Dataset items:
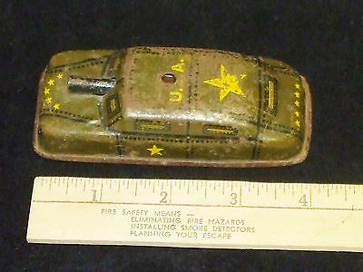 ABOUT WWII PERIOD TIN ARMY ARMORED CAR WITH CANNON RUBBER WHEELS
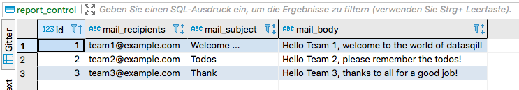 Alle Variablen werden durch die Datenbankabfrage erzeugt. Dazu werden die entsprechenden Spaltennamen "mail_recipients", "mail_subject" und "mail_body" in der Abfrage angegeben. Die Daten selbst stammen aus der Steuertabelle "report_control", die so aussieht:
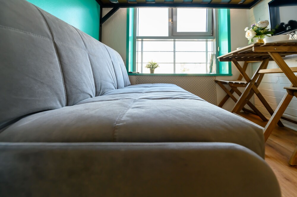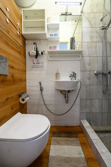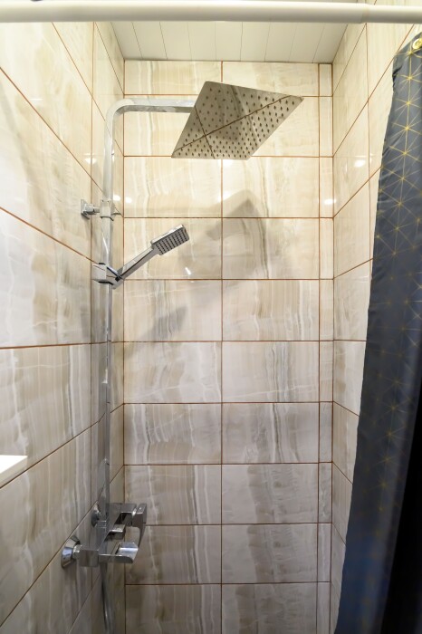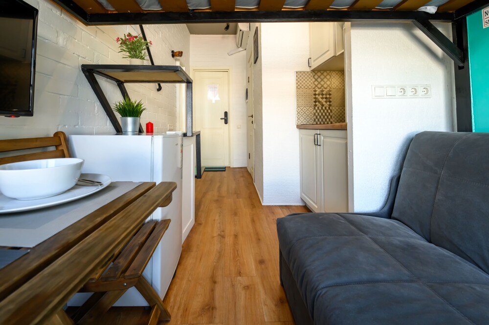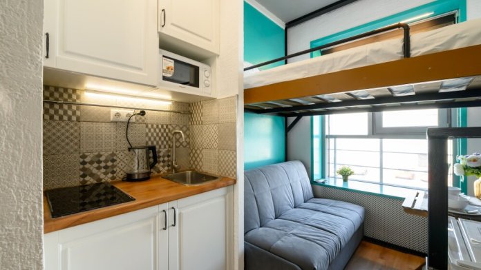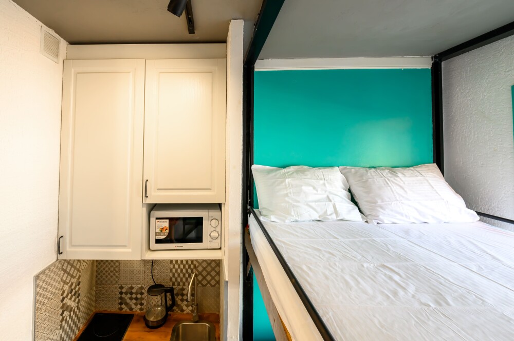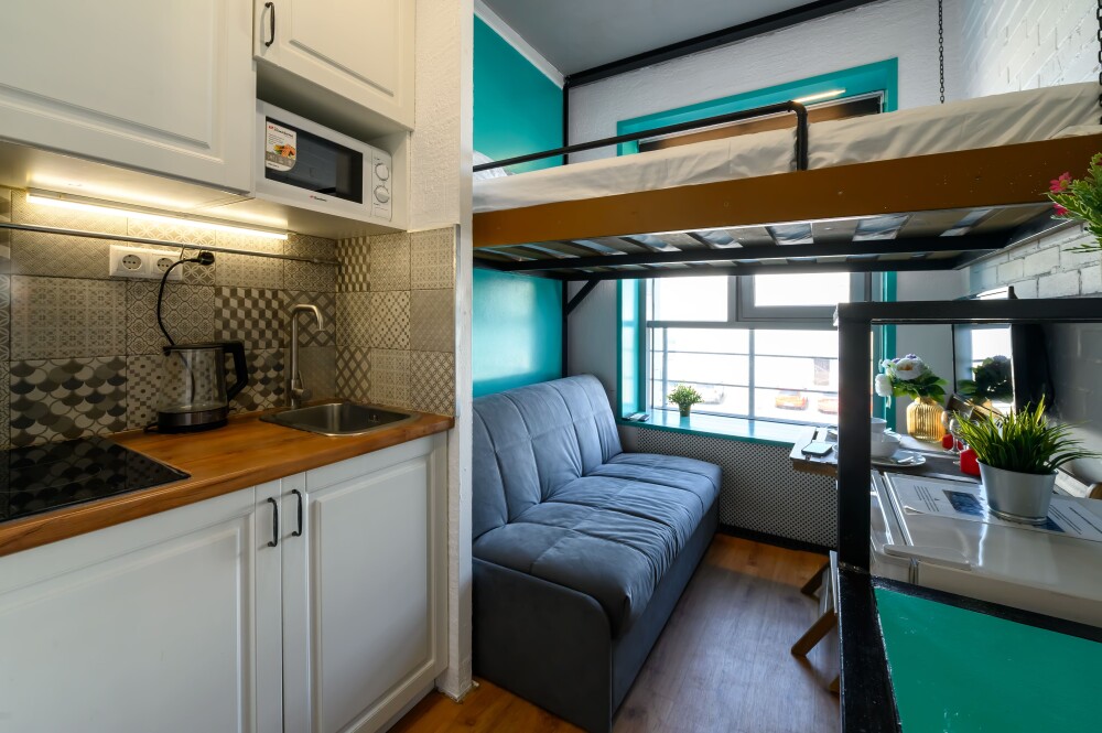 - Кухня с холодильником, плитой, микроволновкой, чайником и посудой
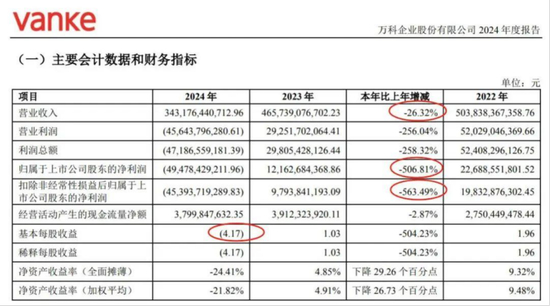 3月31日,万科公告称,2024年营业收入3431.8亿元,同比下降26.32%;归属于上市公司股东的净亏损494.78亿元,去年同期净利润121.63亿元。
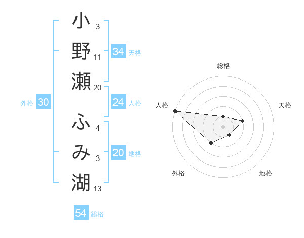 小野瀬 ふみ湖さんの総格は54画の1点!
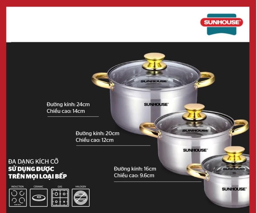 Bộ nồi Sunhouse SH781, Bộ nồi inox SH781
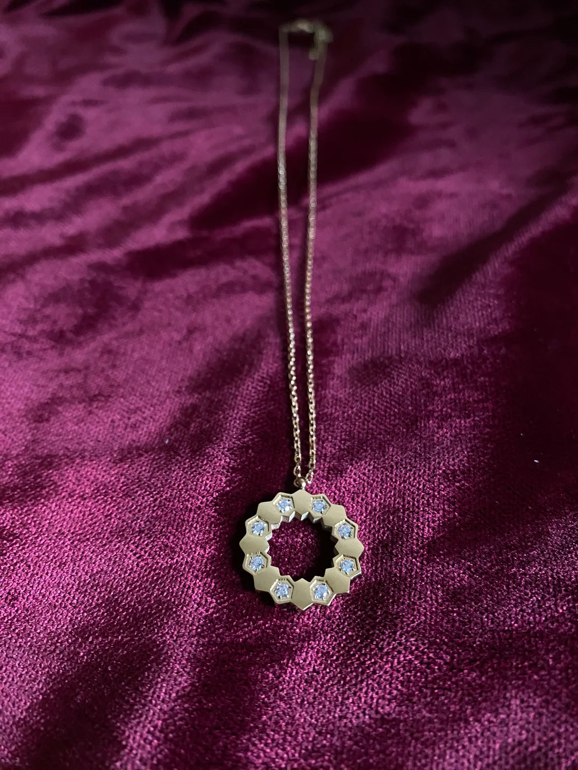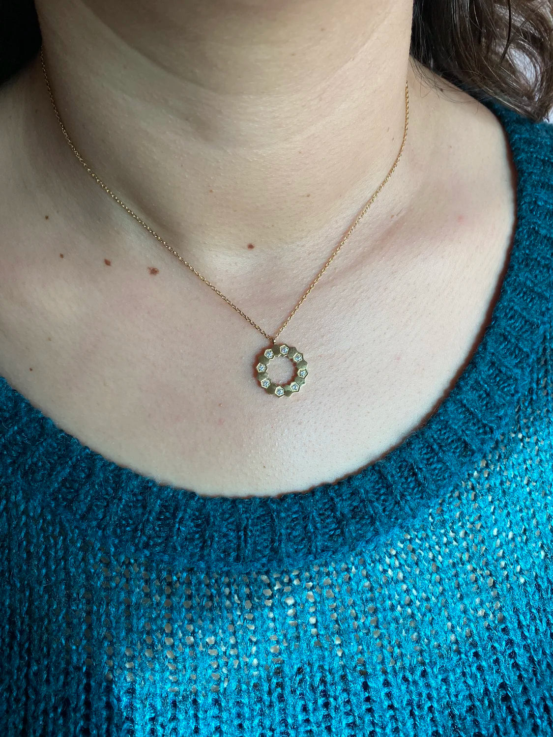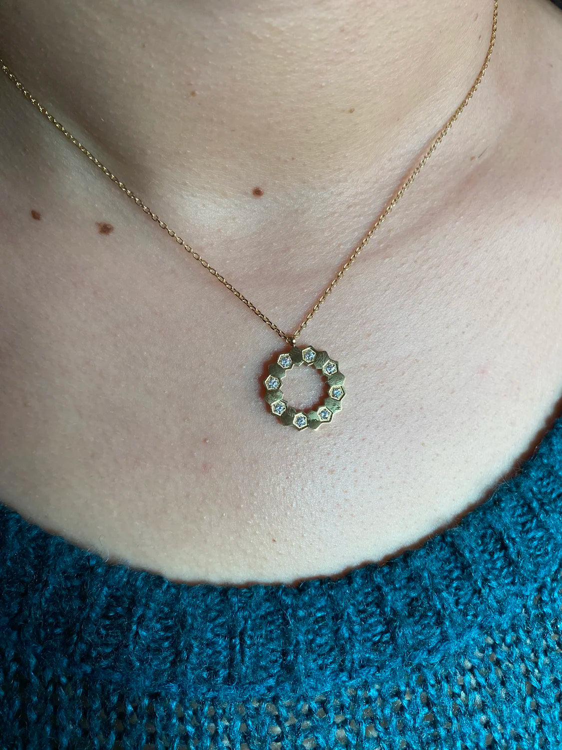 - Design : Pendentif cercle orné de pierres scintillantes

Exercise prompt: Reproduce all entries above exactly, minus the images.

Answer to this task:
 ABOUT WWII PERIOD TIN ARMY ARMORED CAR WITH CANNON RUBBER WHEELS
 Alle Variablen werden durch die Datenbankabfrage erzeugt. Dazu werden die entsprechenden Spaltennamen "mail_recipients", "mail_subject" und "mail_body" in der Abfrage angegeben. Die Daten selbst stammen aus der Steuertabelle "report_control", die so aussieht:
 - Кухня с холодильником, плитой, микроволновкой, чайником и посудой
 3月31日,万科公告称,2024年营业收入3431.8亿元,同比下降26.32%;归属于上市公司股东的净亏损494.78亿元,去年同期净利润121.63亿元。
 小野瀬 ふみ湖さんの総格は54画の1点!
 Bộ nồi Sunhouse SH781, Bộ nồi inox SH781
 - Design : Pendentif cercle orné de pierres scintillantes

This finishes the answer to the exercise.